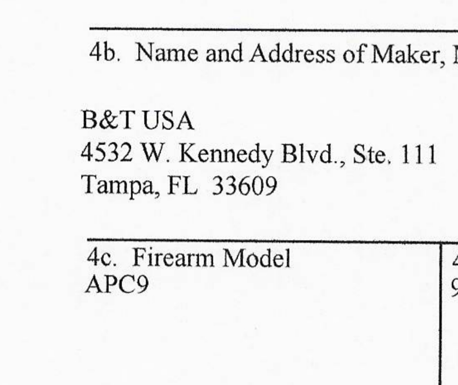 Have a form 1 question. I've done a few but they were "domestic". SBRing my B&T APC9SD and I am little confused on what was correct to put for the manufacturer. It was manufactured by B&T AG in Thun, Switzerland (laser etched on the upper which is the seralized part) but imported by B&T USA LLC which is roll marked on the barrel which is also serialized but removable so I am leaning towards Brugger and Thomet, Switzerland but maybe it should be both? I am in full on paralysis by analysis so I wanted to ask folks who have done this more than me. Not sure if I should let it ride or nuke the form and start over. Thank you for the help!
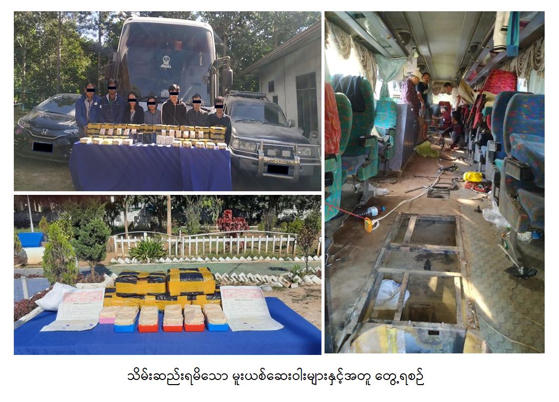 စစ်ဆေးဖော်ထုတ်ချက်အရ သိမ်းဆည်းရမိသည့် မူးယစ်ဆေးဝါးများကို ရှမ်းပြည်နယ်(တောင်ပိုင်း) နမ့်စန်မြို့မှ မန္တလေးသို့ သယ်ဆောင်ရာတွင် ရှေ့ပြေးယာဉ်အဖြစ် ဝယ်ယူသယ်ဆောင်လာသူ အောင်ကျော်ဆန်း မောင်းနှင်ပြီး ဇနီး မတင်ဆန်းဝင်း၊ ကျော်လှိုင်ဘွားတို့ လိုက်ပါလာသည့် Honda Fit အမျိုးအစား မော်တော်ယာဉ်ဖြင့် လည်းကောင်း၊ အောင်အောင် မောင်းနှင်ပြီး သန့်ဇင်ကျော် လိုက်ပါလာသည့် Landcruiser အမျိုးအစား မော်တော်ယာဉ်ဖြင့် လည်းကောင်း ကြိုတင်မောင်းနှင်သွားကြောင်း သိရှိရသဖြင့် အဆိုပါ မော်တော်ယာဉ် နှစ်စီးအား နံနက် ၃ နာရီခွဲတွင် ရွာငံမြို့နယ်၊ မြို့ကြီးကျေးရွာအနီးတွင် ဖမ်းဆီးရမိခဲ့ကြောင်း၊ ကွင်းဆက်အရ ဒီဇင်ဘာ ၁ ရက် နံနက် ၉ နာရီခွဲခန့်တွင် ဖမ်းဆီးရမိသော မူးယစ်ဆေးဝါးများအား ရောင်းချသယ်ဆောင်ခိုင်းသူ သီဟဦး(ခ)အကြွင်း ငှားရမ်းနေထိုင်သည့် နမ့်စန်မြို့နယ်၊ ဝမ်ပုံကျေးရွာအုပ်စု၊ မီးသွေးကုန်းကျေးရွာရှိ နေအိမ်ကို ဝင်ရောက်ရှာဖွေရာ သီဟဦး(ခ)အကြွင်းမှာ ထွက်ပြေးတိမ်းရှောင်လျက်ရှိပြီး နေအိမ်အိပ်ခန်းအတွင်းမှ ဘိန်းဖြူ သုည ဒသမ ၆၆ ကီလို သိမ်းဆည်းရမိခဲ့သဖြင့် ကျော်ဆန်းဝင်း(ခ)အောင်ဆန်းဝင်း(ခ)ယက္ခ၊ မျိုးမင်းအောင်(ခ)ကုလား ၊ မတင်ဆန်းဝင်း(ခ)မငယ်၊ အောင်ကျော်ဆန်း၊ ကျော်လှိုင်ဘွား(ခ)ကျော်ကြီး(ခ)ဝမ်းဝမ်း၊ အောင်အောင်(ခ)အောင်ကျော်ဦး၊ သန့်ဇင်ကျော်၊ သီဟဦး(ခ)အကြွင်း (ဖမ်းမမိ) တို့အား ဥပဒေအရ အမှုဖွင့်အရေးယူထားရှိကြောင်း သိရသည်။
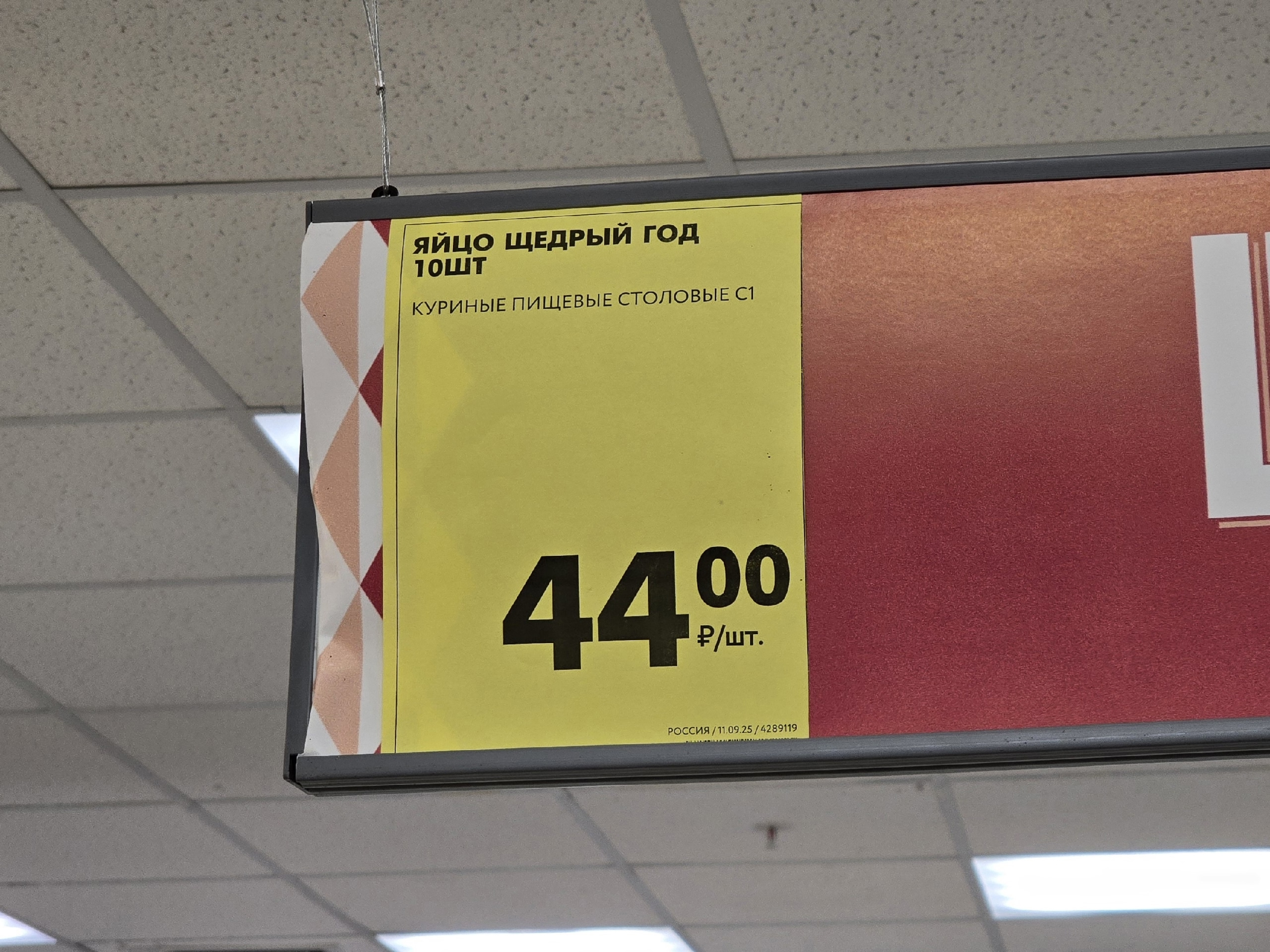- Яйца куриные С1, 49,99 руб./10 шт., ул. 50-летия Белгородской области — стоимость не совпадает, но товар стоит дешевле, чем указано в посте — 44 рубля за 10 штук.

▶ [What you should do] All that is required is an exact reproduction of the lines from the one containing "စစ်ဆေးဖော်ထုတ်ချက်အရ သိမ်းဆည်းရမိသည့် မူးယစ်ဆေးဝါးများကို" to the final line of the listing above, pictures omitted.

▶ [Exercise result]
 စစ်ဆေးဖော်ထုတ်ချက်အရ သိမ်းဆည်းရမိသည့် မူးယစ်ဆေးဝါးများကို ရှမ်းပြည်နယ်(တောင်ပိုင်း) နမ့်စန်မြို့မှ မန္တလေးသို့ သယ်ဆောင်ရာတွင် ရှေ့ပြေးယာဉ်အဖြစ် ဝယ်ယူသယ်ဆောင်လာသူ အောင်ကျော်ဆန်း မောင်းနှင်ပြီး ဇနီး မတင်ဆန်းဝင်း၊ ကျော်လှိုင်ဘွားတို့ လိုက်ပါလာသည့် Honda Fit အမျိုးအစား မော်တော်ယာဉ်ဖြင့် လည်းကောင်း၊ အောင်အောင် မောင်းနှင်ပြီး သန့်ဇင်ကျော် လိုက်ပါလာသည့် Landcruiser အမျိုးအစား မော်တော်ယာဉ်ဖြင့် လည်းကောင်း ကြိုတင်မောင်းနှင်သွားကြောင်း သိရှိရသဖြင့် အဆိုပါ မော်တော်ယာဉ် နှစ်စီးအား နံနက် ၃ နာရီခွဲတွင် ရွာငံမြို့နယ်၊ မြို့ကြီးကျေးရွာအနီးတွင် ဖမ်းဆီးရမိခဲ့ကြောင်း၊ ကွင်းဆက်အရ ဒီဇင်ဘာ ၁ ရက် နံနက် ၉ နာရီခွဲခန့်တွင် ဖမ်းဆီးရမိသော မူးယစ်ဆေးဝါးများအား ရောင်းချသယ်ဆောင်ခိုင်းသူ သီဟဦး(ခ)အကြွင်း ငှားရမ်းနေထိုင်သည့် နမ့်စန်မြို့နယ်၊ ဝမ်ပုံကျေးရွာအုပ်စု၊ မီးသွေးကုန်းကျေးရွာရှိ နေအိမ်ကို ဝင်ရောက်ရှာဖွေရာ သီဟဦး(ခ)အကြွင်းမှာ ထွက်ပြေးတိမ်းရှောင်လျက်ရှိပြီး နေအိမ်အိပ်ခန်းအတွင်းမှ ဘိန်းဖြူ သုည ဒသမ ၆၆ ကီလို သိမ်းဆည်းရမိခဲ့သဖြင့် ကျော်ဆန်းဝင်း(ခ)အောင်ဆန်းဝင်း(ခ)ယက္ခ၊ မျိုးမင်းအောင်(ခ)ကုလား ၊ မတင်ဆန်းဝင်း(ခ)မငယ်၊ အောင်ကျော်ဆန်း၊ ကျော်လှိုင်ဘွား(ခ)ကျော်ကြီး(ခ)ဝမ်းဝမ်း၊ အောင်အောင်(ခ)အောင်ကျော်ဦး၊ သန့်ဇင်ကျော်၊ သီဟဦး(ခ)အကြွင်း (ဖမ်းမမိ) တို့အား ဥပဒေအရ အမှုဖွင့်အရေးယူထားရှိကြောင်း သိရသည်။
- Яйца куриные С1, 49,99 руб./10 шт., ул. 50-летия Белгородской области — стоимость не совпадает, но товар стоит дешевле, чем указано в посте — 44 рубля за 10 штук.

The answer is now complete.